Build a One-vs-all ROC curve (not cross validated)

To build a ROC curve we need to binarize the variable and run the classifier as one class vs. all others

In [31]:
y_bin = label_binarize(y,classes=[0,1,2])
n_classes = y_bin.shape[1]
In [32]:
X_train, X_test, y_train, y_test = train_test_split(X.values, y_bin, test_size=.3)
In [33]:
clf1 = OneVsRestClassifier(RandomForestClassifier(n_estimators=50))
y_score = clf1.fit(X_train, y_train).predict_proba(X_test)
/usr/local/lib/python3.4/site-packages/sklearn/utils/__init__.py:93: DeprecationWarning: Function multilabel_ is deprecated; Attribute multilabel_ is deprecated and will be removed in 0.17. Use 'y_type_.startswith('multilabel')' instead
  warnings.warn(msg, category=DeprecationWarning)

The probabilities of each class are now in a numpy array where each row corresponds to sample and each column to the label in question (CD, NM or UC).
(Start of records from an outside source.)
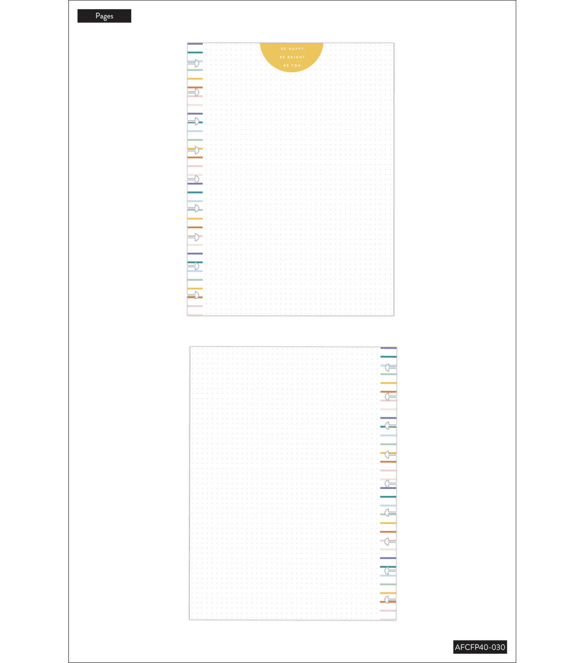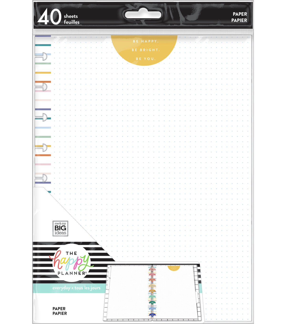 Be Happy. Be Bright. Be You. This everyday filler paper fits into Classic size Happy Planners, notebooks, and journals. Add these pages and use them to make lists, write notes, or journal. It includes 40 dotted grid pages with a “Be Happy” header and rainbow margins.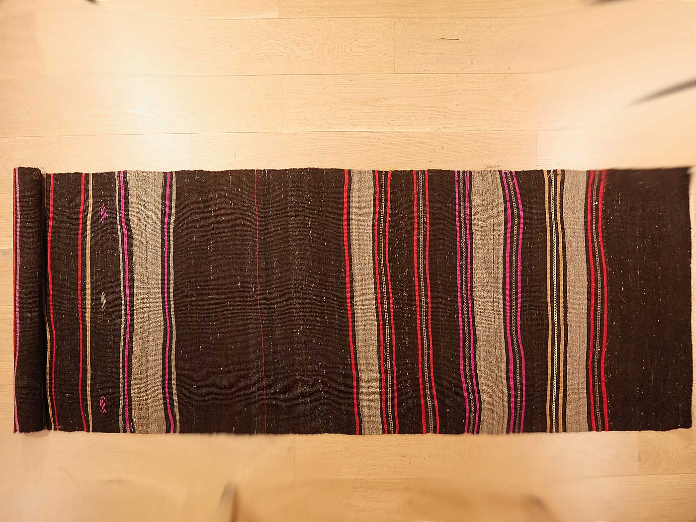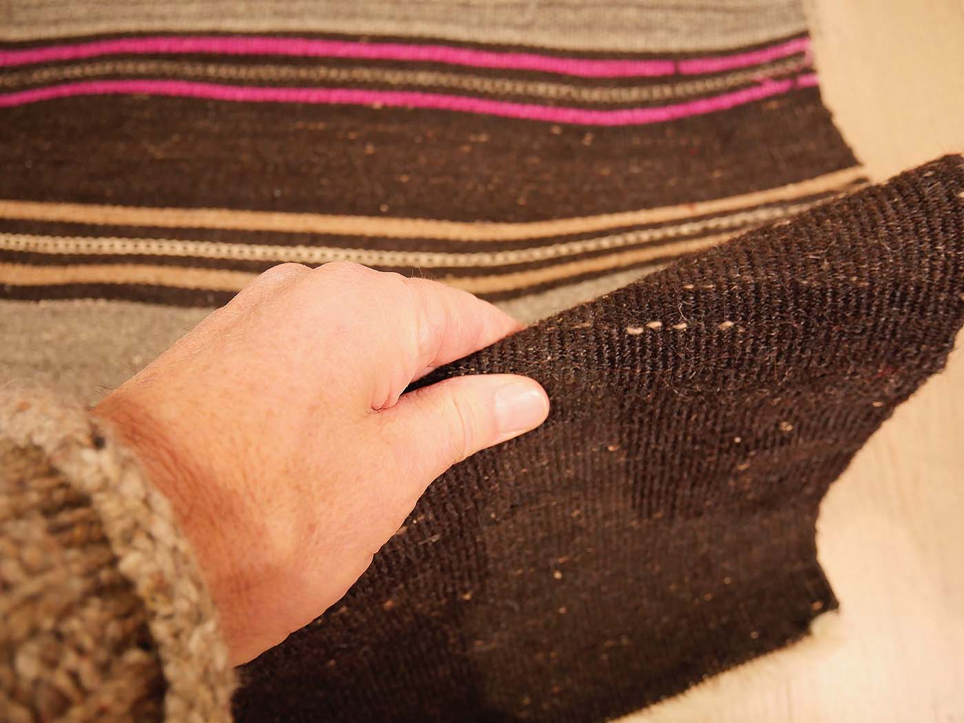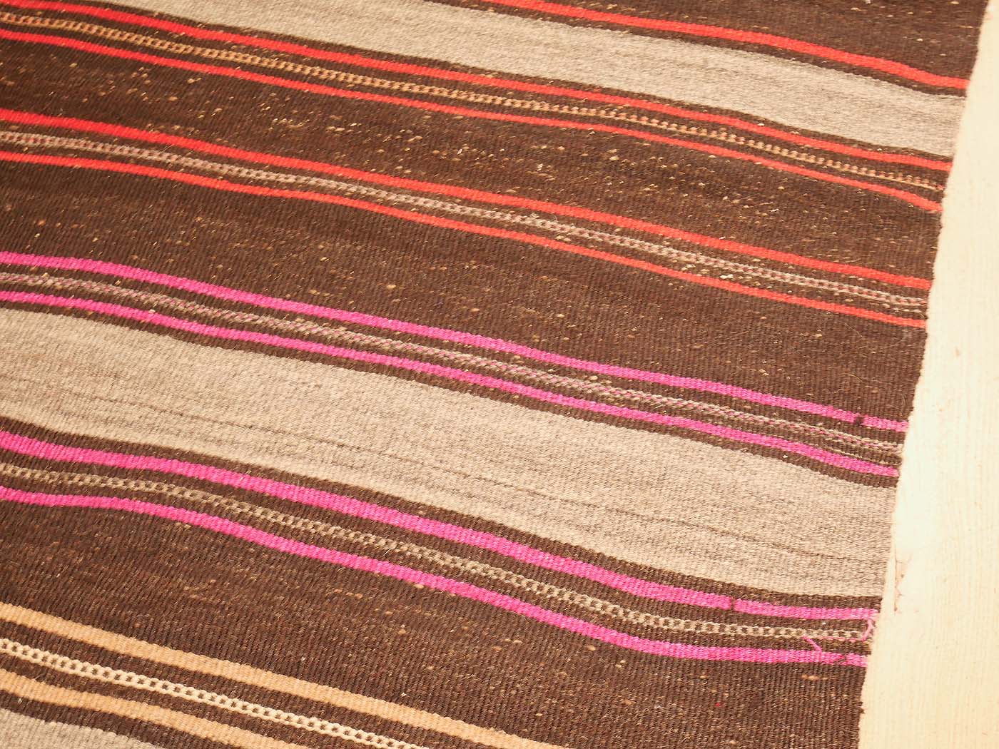 Ce tapis kilim vintage fait main est tissé à plat selon une technique de tapisserie et entièrement composé de poils de chèvre. Il a au moins 50 ans. Les tapis kilim font partie de mes préférés, car je suis attiré par leurs motifs archaïques qui ont peu évolué au fil des siècles. Un véritable tapis kilim tribal, authentique et magnifique !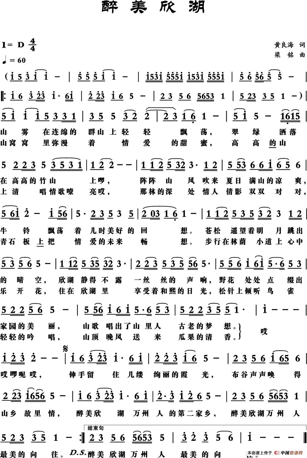 醉美欣湖(黄良海词,梁铭曲,演唱:刘亚芹)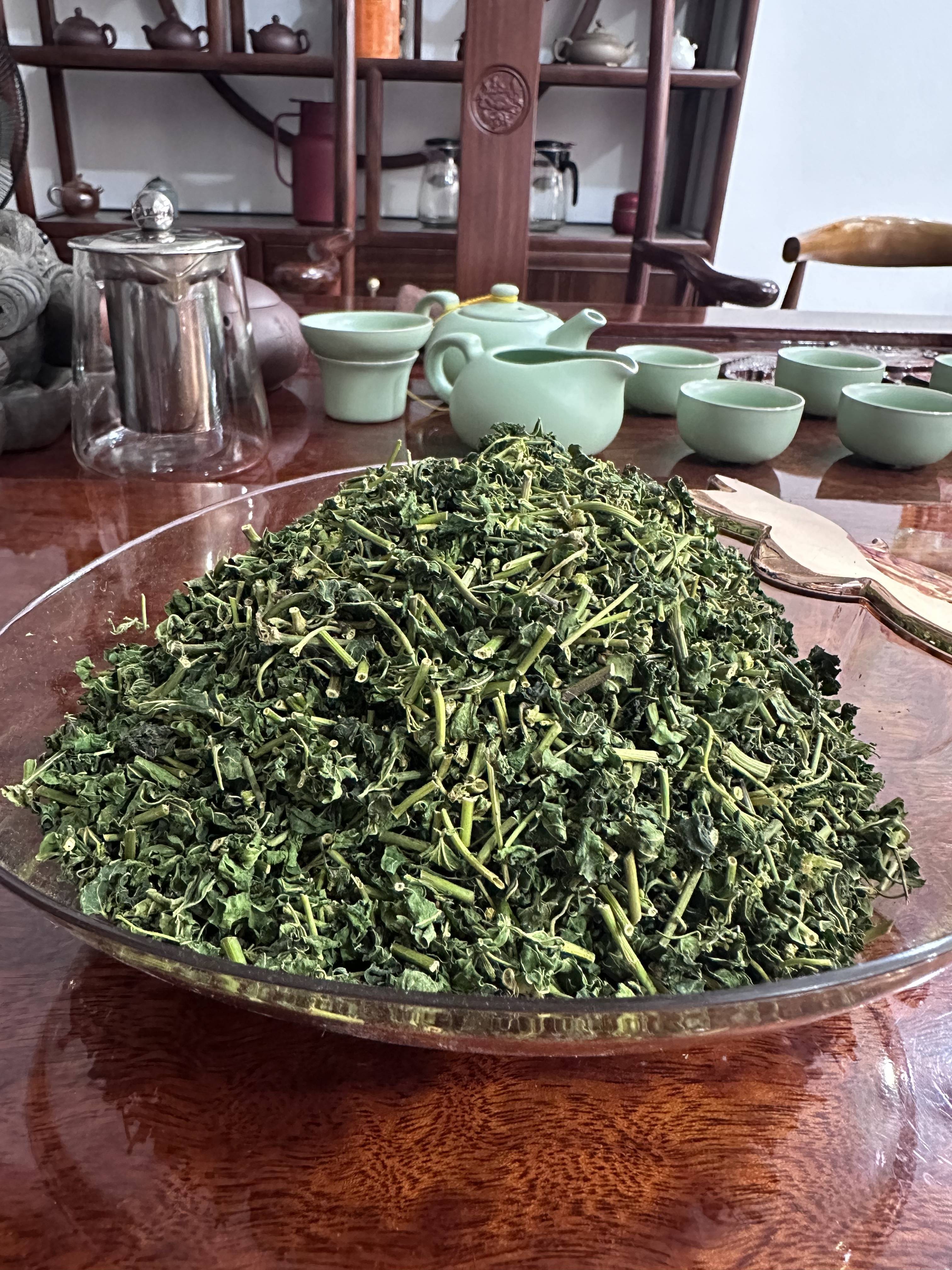 在桂柳茶菊养生馆的展柜里,各类茶品诉说着茶的多元可能:紫色茶富含花青素,黄酮茶主打抗氧化,专为老年人研发的 “健腿茶酒” 融合了杜仲等养生成分。最特别的是白首乌茶及白首乌面条,将她研究多年的药用茶资源与白首乌茶发明人的合作转化为日常饮食,延续着“科技助农、养生惠民”的初心。
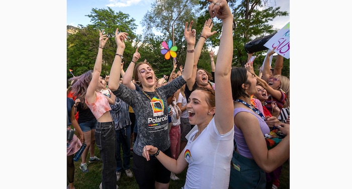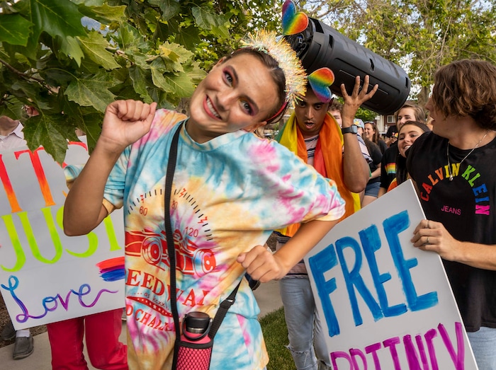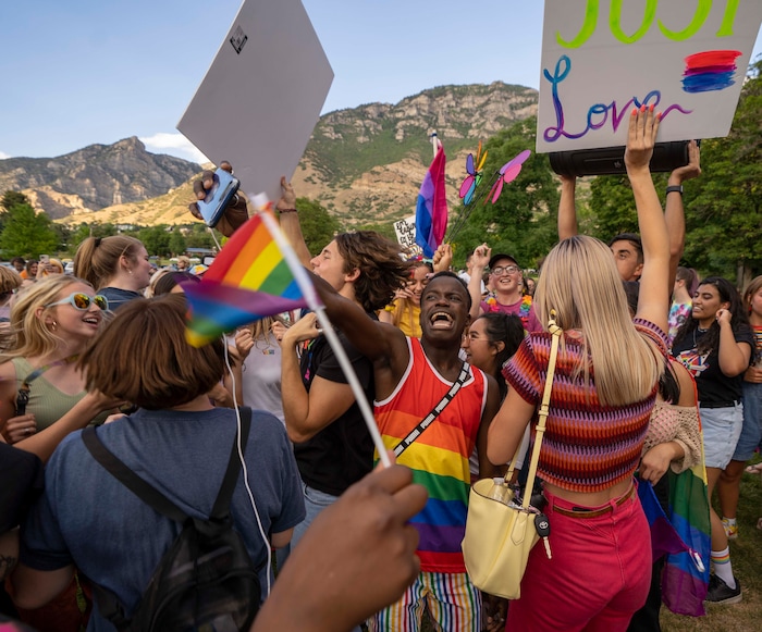 (Rick Egan | The Salt Lake Tribune) More than a thousand BYU students, friends and allies dance to Lady Gaga, during a Pride March from Joaquin Park to Kiwanis Park, in Provo, on Monday, June 28, 2021.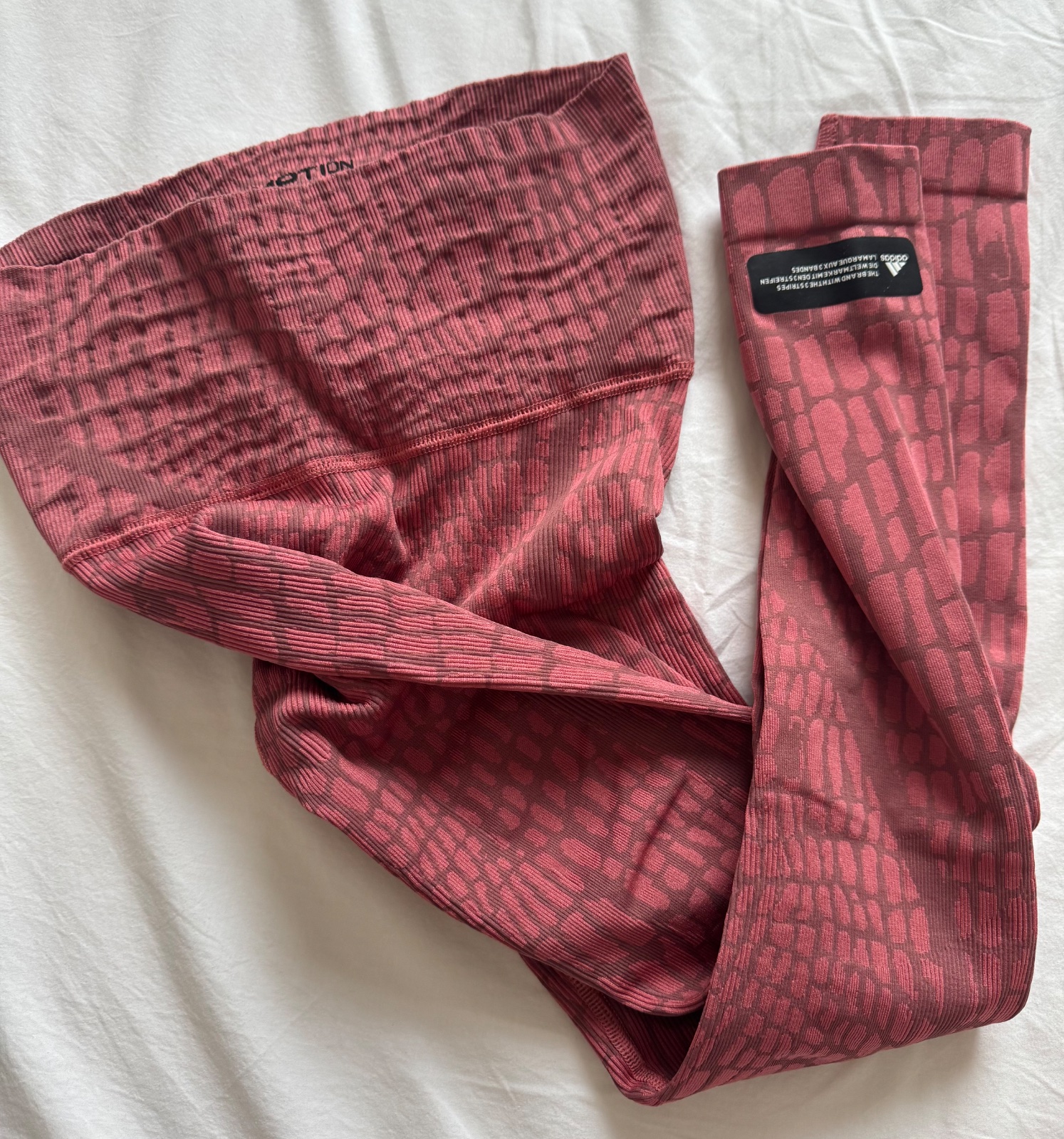 Športové elastické legíny, veľkosť 36/38. V super stave. Farby: lososová + čierna. Majú aj reflexné prvky. Široký pás s gumou, spevňuje brucho a robí peknú siluetu. Dĺžka: 92 cm, šírka v páse 36-42cm.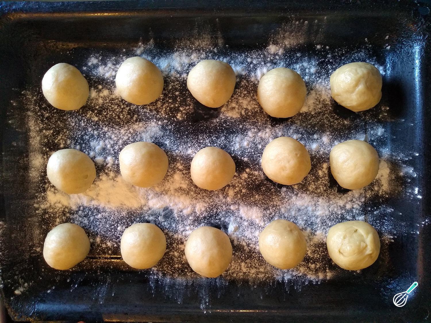 Quando essa etapa da massa para sonho frito estiver pronta, forme bolinhas. Coloque-as sobre uma bandeja com papel vegetal ou farinha, para evitar que fiquem grudadas, deixando algum espaço de separação entre elas. Deixe repousar até dobrarem de volume novamente (desta vez por 25-30 minutos).

Let's take a pick at the first 10:

In [34]:
y_score[:10,:]
Out[34]:
array([[ 0.48,  0.1 ,  0.34],
       [ 0.56,  0.08,  0.56],
       [ 0.02,  0.74,  0.14],
       [ 0.32,  0.16,  0.58],
       [ 0.16,  0.4 ,  0.58],
       [ 0.28,  0.02,  0.76],
       [ 0.34,  0.42,  0.34],
       [ 0.48,  0.06,  0.58],
       [ 0.3 ,  0.08,  0.48],
       [ 0.28,  0.64,  0.2 ]])
In [35]:
# Compute ROC curve and ROC area for each class
fpr = dict()
tpr = dict()
roc_auc = dict()
for i in range(n_classes):
    fpr[i], tpr[i], _ = roc_curve(y_test[:, i], y_score[:, i])
    roc_auc[i] = roc_auc_score(y_test[:,i], y_score[:,i],average="micro")
In [36]:
# Plot of a ROC curve for a specific class
plt.figure()
plt.plot(fpr[2], tpr[2], label='ROC curve (area = %0.2f)' % roc_auc[2])
plt.plot([0, 1], [0, 1], 'k--')
plt.xlim([0.0, 1.0])
plt.ylim([0.0, 1.05])
plt.xlabel('False Positive Rate')
plt.ylabel('True Positive Rate')
plt.title('ROC - UC vs all')
plt.legend(loc="lower right")
plt.show()
In [37]:
# Plot ROC curves all together now
plt.figure()

for i in range(n_classes):
    plt.plot(fpr[i], tpr[i], label='ROC curve {0} (area = {1:0.2f})'
                                   ''.format(le.inverse_transform(i), roc_auc[i]))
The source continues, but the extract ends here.